The ''Meet the Press'' performance raised disturbing questions for Republicans. How could Bush be put out to confront the most feared questioner in Washington without a careful scenario? How could he face Russert without precise answers on the decision to go to war in Iraq and on his National Guard service? The suspicion is that his 2004 campaign organization, a fund-raising juggernaut, is otherwise inadequate. The Bush White House is cloistered, where even Bush aides seem restrained from debating strategy even behind closed doors. The belief in Republican circles is that Bush, tired of battering by Democrats and alarmed by his descent in the polls, asked for an hour on television. This questions how it could be possible for a president who claims to neither read newspapers nor watch television. In any event, no aide dissuaded Bush from embarking on this course or devised a plan to make the most of it.

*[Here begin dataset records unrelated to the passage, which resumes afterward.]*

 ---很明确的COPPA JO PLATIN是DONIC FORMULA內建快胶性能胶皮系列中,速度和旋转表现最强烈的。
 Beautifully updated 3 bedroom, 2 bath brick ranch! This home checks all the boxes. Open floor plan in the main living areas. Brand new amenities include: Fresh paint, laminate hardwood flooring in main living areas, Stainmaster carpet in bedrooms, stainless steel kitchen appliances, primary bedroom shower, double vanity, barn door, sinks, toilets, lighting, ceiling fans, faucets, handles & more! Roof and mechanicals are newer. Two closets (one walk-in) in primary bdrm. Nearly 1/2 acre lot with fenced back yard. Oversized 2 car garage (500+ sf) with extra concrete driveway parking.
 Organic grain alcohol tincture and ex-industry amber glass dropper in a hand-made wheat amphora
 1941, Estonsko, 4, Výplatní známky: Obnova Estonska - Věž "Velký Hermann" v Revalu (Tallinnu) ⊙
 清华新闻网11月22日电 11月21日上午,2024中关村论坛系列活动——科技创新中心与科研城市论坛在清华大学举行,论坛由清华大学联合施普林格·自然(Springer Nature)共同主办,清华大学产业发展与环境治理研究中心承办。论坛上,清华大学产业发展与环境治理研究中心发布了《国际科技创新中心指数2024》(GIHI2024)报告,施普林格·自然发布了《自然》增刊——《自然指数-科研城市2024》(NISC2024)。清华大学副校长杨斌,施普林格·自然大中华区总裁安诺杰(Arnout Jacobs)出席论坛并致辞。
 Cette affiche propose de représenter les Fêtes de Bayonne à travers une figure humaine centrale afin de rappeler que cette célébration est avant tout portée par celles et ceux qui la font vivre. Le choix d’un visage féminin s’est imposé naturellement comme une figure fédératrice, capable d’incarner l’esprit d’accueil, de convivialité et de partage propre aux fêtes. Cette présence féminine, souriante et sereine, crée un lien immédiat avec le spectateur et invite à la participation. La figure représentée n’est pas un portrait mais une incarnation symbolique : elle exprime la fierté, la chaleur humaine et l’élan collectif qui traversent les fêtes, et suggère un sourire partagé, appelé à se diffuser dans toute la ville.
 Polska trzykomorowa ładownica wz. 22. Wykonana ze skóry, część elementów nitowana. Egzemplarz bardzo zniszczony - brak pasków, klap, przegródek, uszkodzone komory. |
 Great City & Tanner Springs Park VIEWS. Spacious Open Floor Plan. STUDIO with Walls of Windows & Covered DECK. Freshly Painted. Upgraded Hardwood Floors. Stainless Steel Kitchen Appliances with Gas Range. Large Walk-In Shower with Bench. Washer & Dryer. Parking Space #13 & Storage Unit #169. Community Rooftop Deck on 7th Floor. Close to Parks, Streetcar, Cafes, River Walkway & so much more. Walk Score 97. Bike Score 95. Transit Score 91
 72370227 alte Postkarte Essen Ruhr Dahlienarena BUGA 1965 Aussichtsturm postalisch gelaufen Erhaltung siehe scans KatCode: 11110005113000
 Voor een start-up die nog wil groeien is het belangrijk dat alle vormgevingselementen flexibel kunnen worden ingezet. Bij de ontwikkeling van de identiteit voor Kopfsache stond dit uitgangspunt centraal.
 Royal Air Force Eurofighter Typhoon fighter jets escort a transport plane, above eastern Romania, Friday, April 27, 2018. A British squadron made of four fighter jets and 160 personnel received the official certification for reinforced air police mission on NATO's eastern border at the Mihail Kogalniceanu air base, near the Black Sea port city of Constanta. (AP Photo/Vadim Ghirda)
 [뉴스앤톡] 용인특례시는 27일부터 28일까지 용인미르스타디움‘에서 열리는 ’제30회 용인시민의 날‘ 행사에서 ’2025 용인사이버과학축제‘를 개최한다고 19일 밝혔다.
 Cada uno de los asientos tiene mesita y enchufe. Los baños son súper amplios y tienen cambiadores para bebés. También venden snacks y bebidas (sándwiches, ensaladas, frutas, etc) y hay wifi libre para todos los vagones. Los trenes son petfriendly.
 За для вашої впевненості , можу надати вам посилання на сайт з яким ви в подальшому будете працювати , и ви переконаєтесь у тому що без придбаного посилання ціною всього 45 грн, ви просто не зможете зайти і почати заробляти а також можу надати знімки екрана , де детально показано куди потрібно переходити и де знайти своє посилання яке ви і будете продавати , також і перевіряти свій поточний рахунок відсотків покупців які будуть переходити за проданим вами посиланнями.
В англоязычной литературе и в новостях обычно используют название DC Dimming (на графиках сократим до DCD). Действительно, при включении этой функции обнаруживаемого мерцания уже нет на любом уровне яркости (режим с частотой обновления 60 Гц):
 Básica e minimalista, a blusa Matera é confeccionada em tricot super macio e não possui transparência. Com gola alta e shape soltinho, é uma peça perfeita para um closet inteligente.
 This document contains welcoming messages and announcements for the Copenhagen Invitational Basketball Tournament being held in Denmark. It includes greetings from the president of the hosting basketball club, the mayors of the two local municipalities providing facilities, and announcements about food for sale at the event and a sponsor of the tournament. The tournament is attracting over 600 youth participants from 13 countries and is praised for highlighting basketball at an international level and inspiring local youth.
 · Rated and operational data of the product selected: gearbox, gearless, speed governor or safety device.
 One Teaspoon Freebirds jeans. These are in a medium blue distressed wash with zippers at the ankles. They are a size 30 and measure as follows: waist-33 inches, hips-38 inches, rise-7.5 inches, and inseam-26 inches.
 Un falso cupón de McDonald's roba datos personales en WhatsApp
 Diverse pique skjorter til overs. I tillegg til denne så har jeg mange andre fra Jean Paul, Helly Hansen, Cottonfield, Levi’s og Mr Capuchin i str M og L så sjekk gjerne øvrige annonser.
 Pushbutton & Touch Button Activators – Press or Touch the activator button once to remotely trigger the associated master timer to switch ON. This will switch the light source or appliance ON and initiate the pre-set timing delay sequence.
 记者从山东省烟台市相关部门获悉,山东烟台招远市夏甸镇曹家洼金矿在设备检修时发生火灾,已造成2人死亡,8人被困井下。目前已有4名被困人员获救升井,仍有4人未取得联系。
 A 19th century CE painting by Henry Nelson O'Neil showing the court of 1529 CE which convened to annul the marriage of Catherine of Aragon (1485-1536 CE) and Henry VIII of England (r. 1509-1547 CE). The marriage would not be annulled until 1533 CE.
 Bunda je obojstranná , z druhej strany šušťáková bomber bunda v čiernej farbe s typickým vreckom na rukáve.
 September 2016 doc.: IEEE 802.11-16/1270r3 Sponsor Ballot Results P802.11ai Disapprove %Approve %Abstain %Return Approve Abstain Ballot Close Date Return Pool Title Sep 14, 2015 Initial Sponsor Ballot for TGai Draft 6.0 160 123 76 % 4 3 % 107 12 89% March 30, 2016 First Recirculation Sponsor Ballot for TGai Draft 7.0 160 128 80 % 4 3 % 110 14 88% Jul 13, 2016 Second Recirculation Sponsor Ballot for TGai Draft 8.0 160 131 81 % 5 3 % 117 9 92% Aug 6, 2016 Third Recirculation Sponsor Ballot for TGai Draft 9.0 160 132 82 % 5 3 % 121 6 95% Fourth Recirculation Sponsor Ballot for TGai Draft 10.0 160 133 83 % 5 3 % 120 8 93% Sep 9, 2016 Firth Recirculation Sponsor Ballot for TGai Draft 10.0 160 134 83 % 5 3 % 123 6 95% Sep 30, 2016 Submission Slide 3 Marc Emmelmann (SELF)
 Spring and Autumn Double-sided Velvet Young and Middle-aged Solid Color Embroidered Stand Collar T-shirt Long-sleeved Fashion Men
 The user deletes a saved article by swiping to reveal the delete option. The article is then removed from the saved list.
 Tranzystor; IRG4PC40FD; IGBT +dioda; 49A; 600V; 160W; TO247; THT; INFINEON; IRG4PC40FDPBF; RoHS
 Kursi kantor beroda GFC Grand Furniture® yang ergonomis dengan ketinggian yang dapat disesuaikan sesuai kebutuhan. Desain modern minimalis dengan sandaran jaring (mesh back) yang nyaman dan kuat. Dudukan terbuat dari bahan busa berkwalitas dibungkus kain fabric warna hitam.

Democratic operatives, including Sen. John Kerry's advisers, groused that Russert permitted Bush to escape -- reflecting presidential blood lust by Democrats in the sight of Bush's wounds. Actually, no president ever before had been subjected to such tough questioning in the Oval Office. The private Republican complaint is not with Russert but with Bush. It was thought the president would have sat down with carefully structured language to defend himself or even produce news. Yet, the newsiest tidbit contained in excerpts of the taped interview distributed last Saturday was the unsurprising declaration he would not fire CIA Director George Tenet.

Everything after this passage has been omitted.